== Record excerpts ==

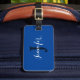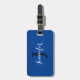 Modern Script Royal Blue White Monogram Bag Tag makes a great gift idea for anyone who travels! Dark blue background can be customized to any available color options. The front is designed with a navy monogram initial on the center and personalized with name in
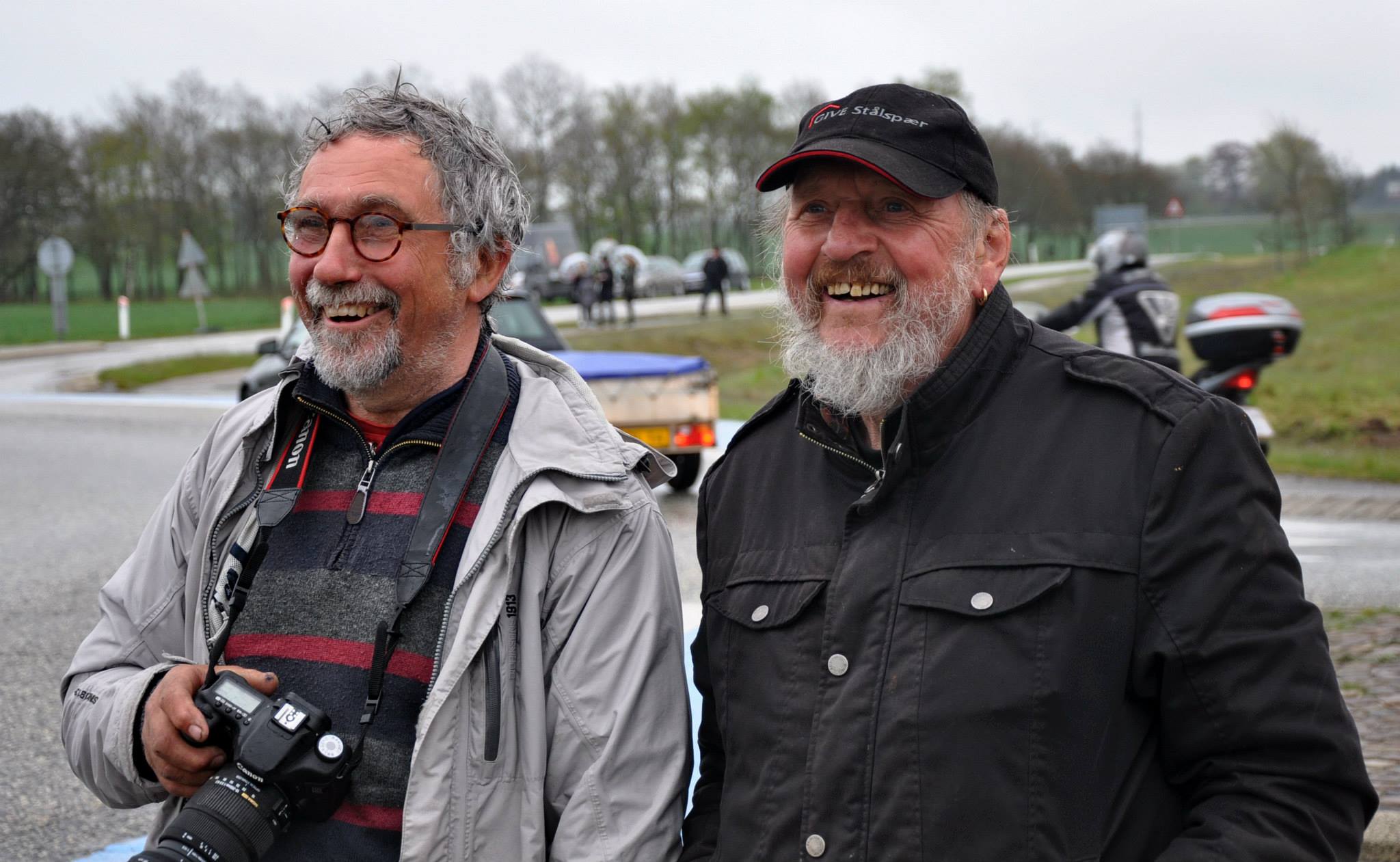 Her ser vi 2 af bagmændene bag Solhjulet, kunstner Bo Karberg (tv.) og Knud Buhl, da Solhjuet blev rejst tilbage i maj 2015. De udtrykte begge i deres taler stor stolthed over projektet. Foto: Jim Hoff
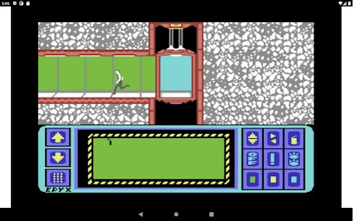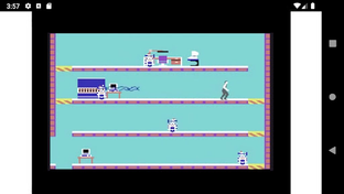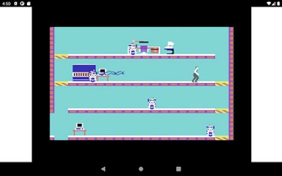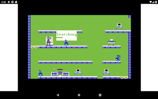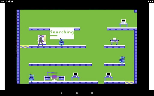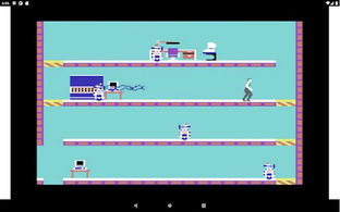The game: your task is to put a stop to evil Elvin Atombender's game. For this you have to enter his laboratory, protected by a vault somewhere in his underground stronghold. To open the laboratory's door you need a nine letter password, each letter of which Elvin coded into a punchcard, cutting each card in four, painting them in different colors and hiding the resulting pieces everywhere in his base's furniture. So all you have to do is search every object of every room for pieces of the puzzle while surviving the robots, the pits and doctor Elvin's annoying voice, retrieve all 36 pieces, put them together in groups of four, and head for the laboratory, where an unpleasant surprise awaits you.
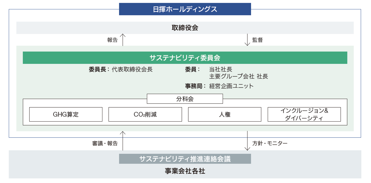 当社グループでは、代表取締役会長を委員長とするサステナビリティ委員会を設け、年3回の定例開催に加え、適時の臨時開催を通じて、気候変動をはじめとするサステナビリティ分野に関する方針や行動計画の策定、推進、評価および改善に係る審議を行うとともに、取締役会に対しては年1回の定期報告に加え、内容に応じた適時の附議・報告を行うこととしています。
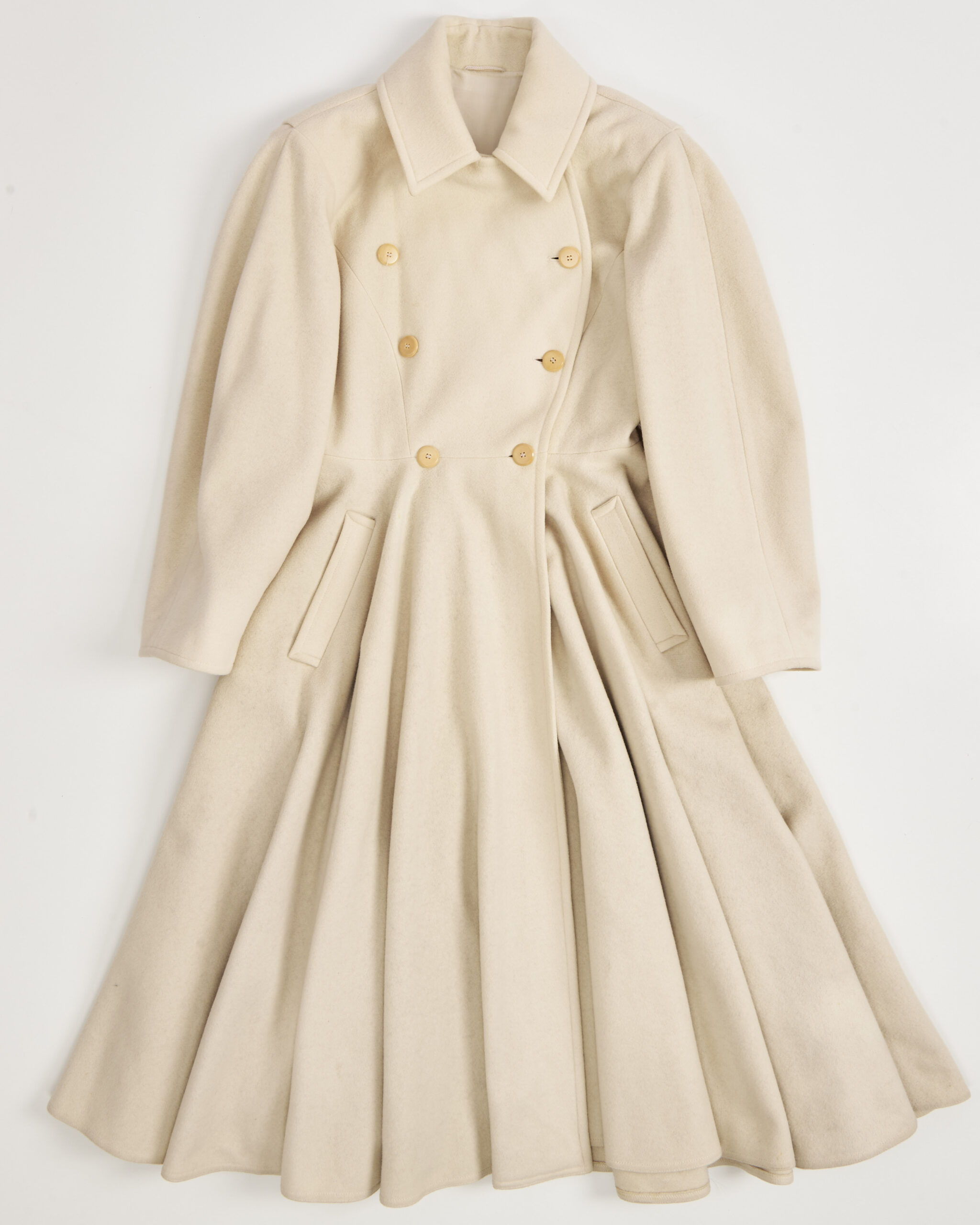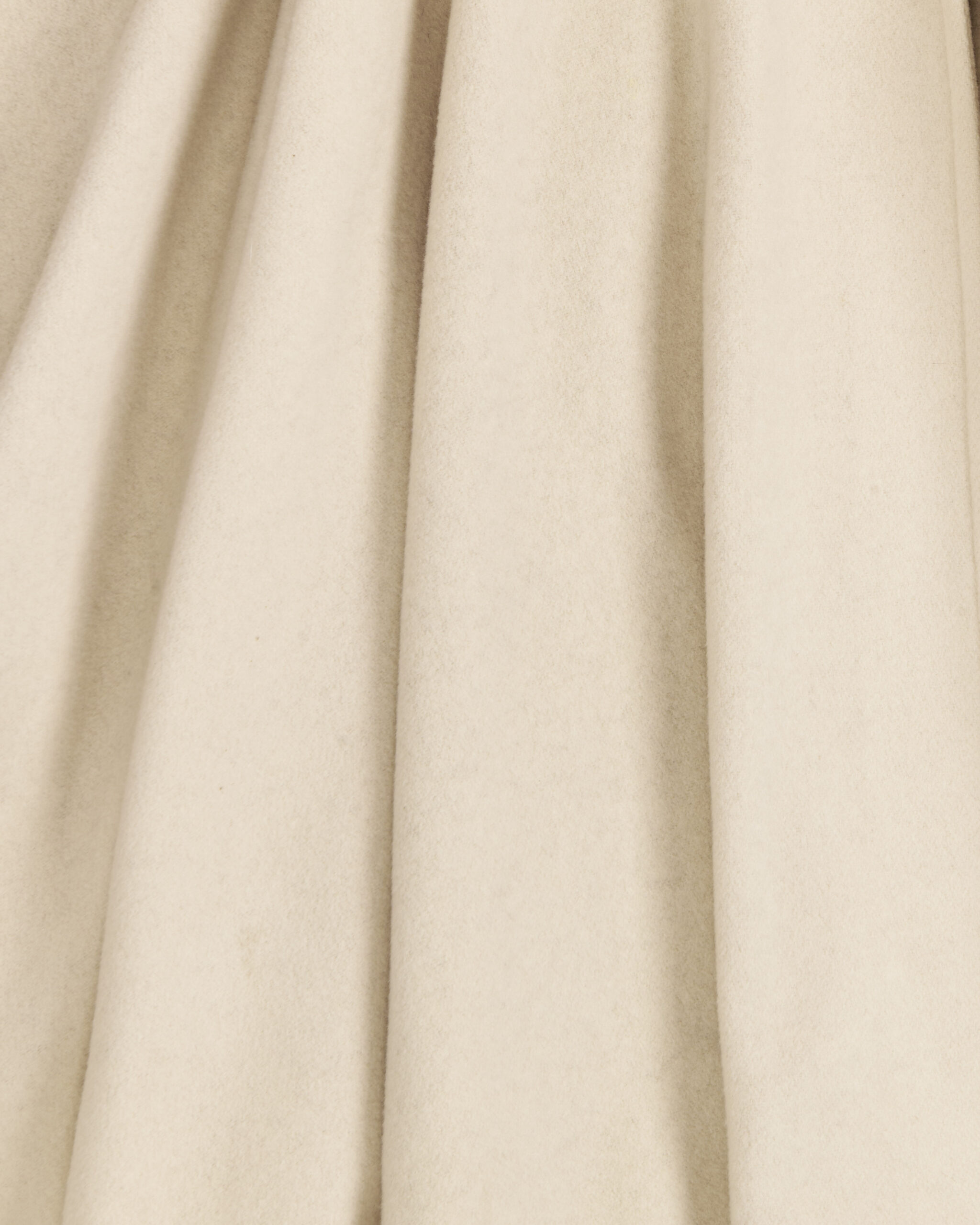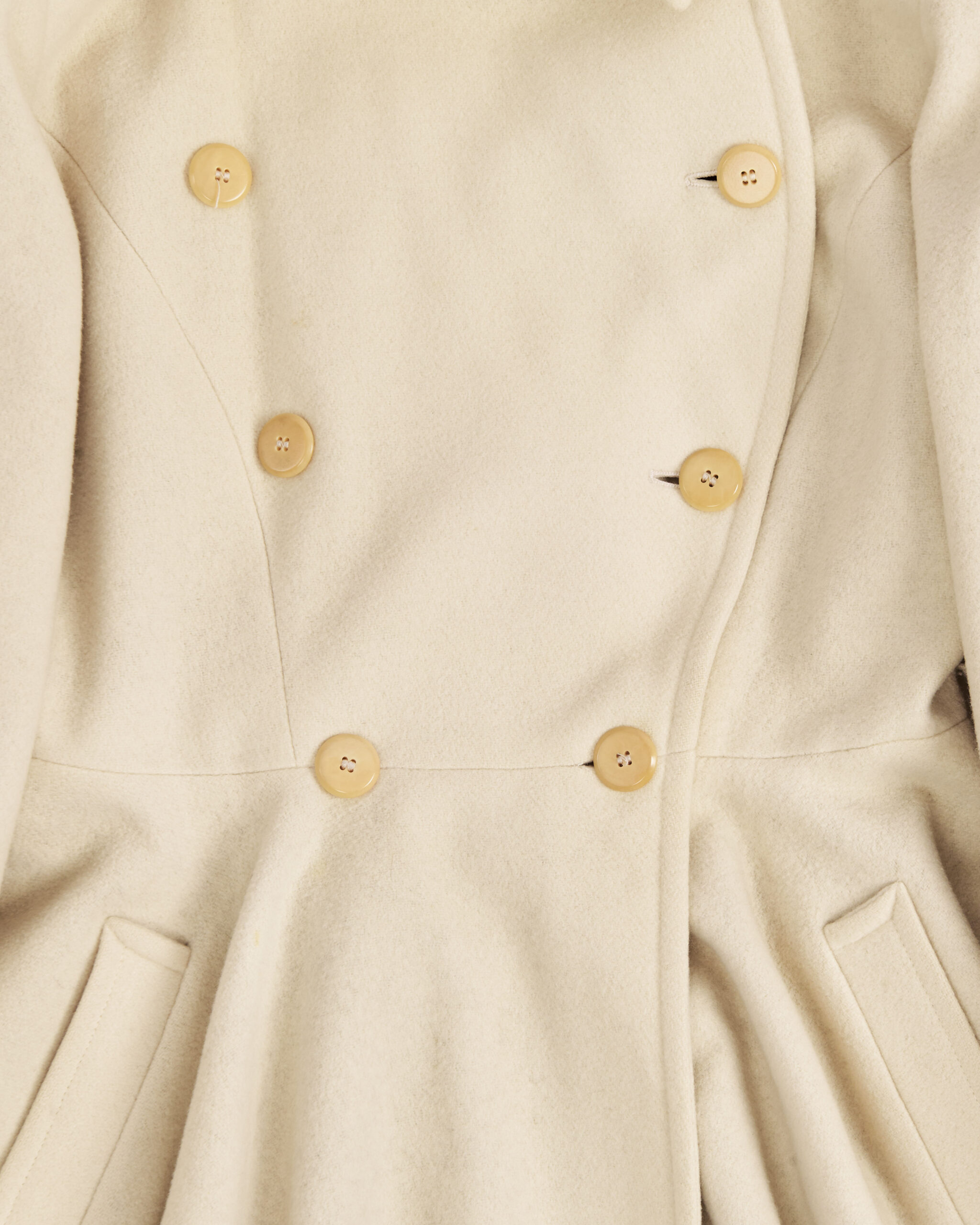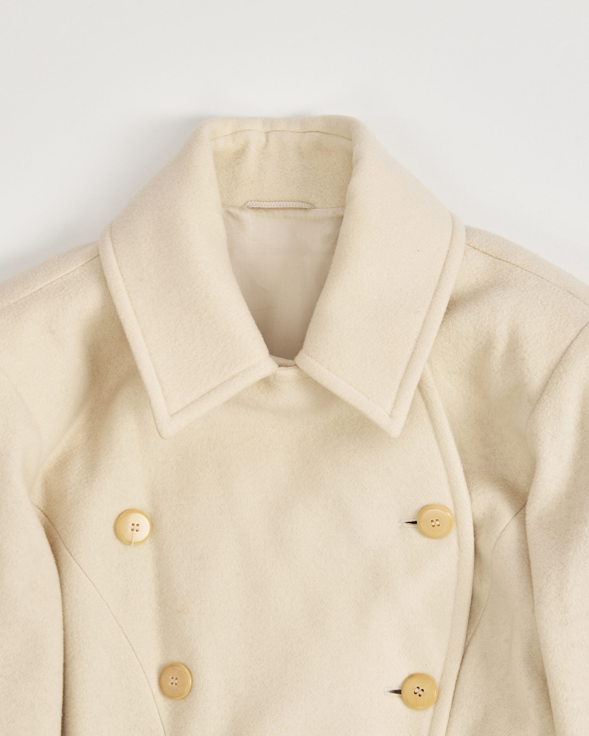 Пальто Sportmax из 100% шерсти в светло-кремовом оттенке. Материал мягкий и ровный на ощупь, с деликатным ворсом и приятной плотностью. Приталенный крой формирует чёткую линию силуэта, расклешённая юбка создаёт плавное движение при ходьбе. Двубортная застёжка и аккуратные карманы
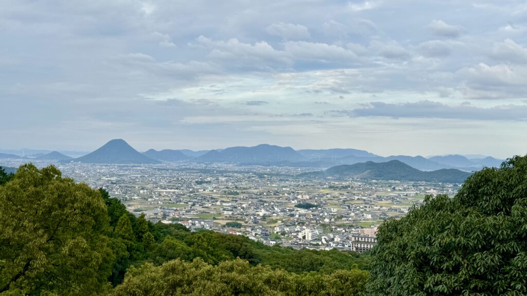 本宮の横からの姿と、ここの展望台からみえる風景。
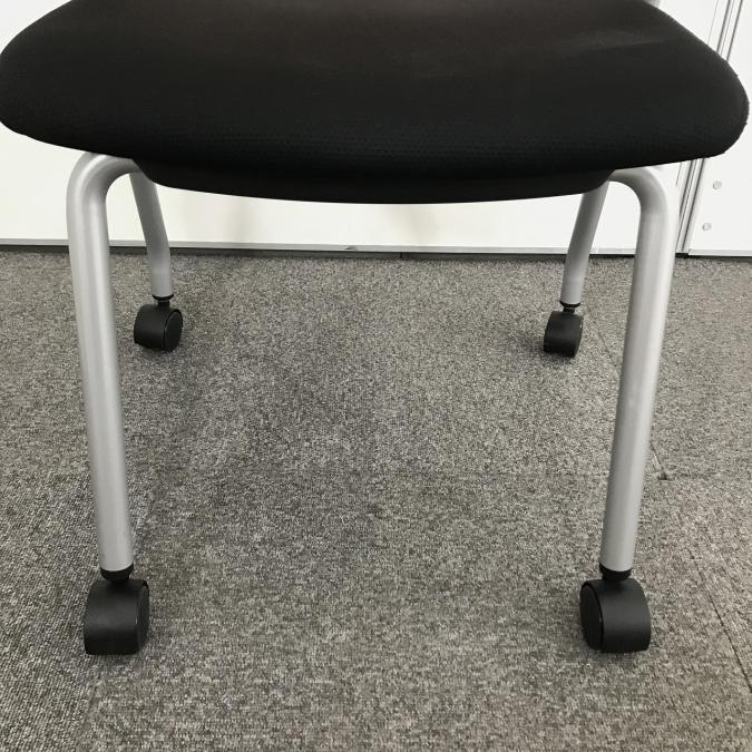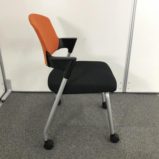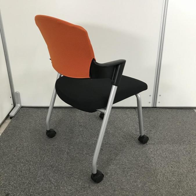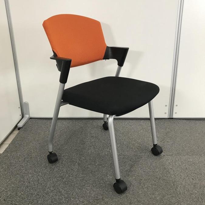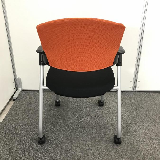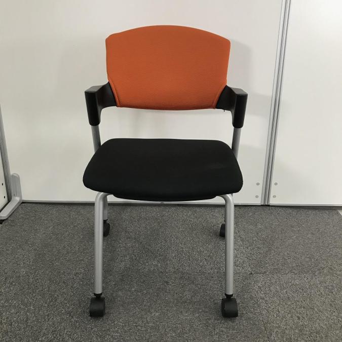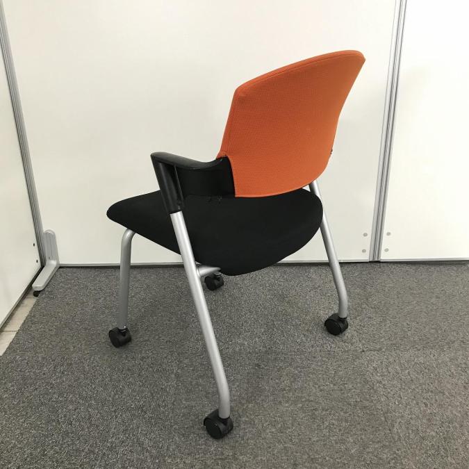 【シンプルスマートなスタッキングチェア!分厚いクッションで長時間でも快適な座り心地!】■コクヨ製 プロッティ スタッキングチェア ミーティングチェア ■固定肘 ■キャスター付 ■背面カバー付き ■背面オレンジ×座面ブラック- なんば日本橋店
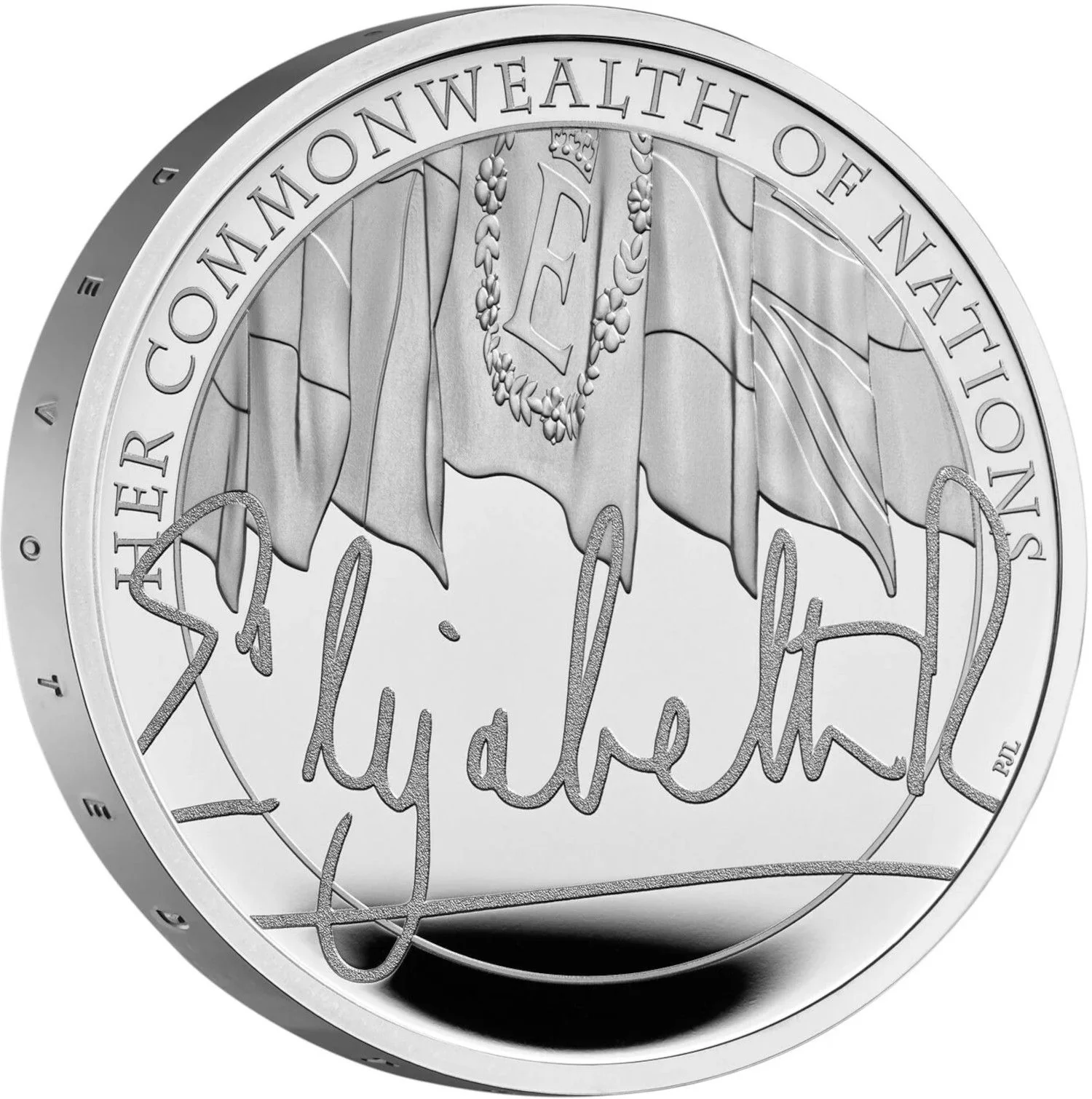 Queen Elizabeth II's signature overlaid on a flag background.

===

Goal of the exercise: Once you find the line containing "本宮の横からの姿と、ここの展望台からみえる風景。", transcribe it and each line after it to the end of the records exactly, and leave out the pictures.

Output below:
 本宮の横からの姿と、ここの展望台からみえる風景。
 【シンプルスマートなスタッキングチェア!分厚いクッションで長時間でも快適な座り心地!】■コクヨ製 プロッティ スタッキングチェア ミーティングチェア ■固定肘 ■キャスター付 ■背面カバー付き ■背面オレンジ×座面ブラック- なんば日本橋店
 Queen Elizabeth II's signature overlaid on a flag background.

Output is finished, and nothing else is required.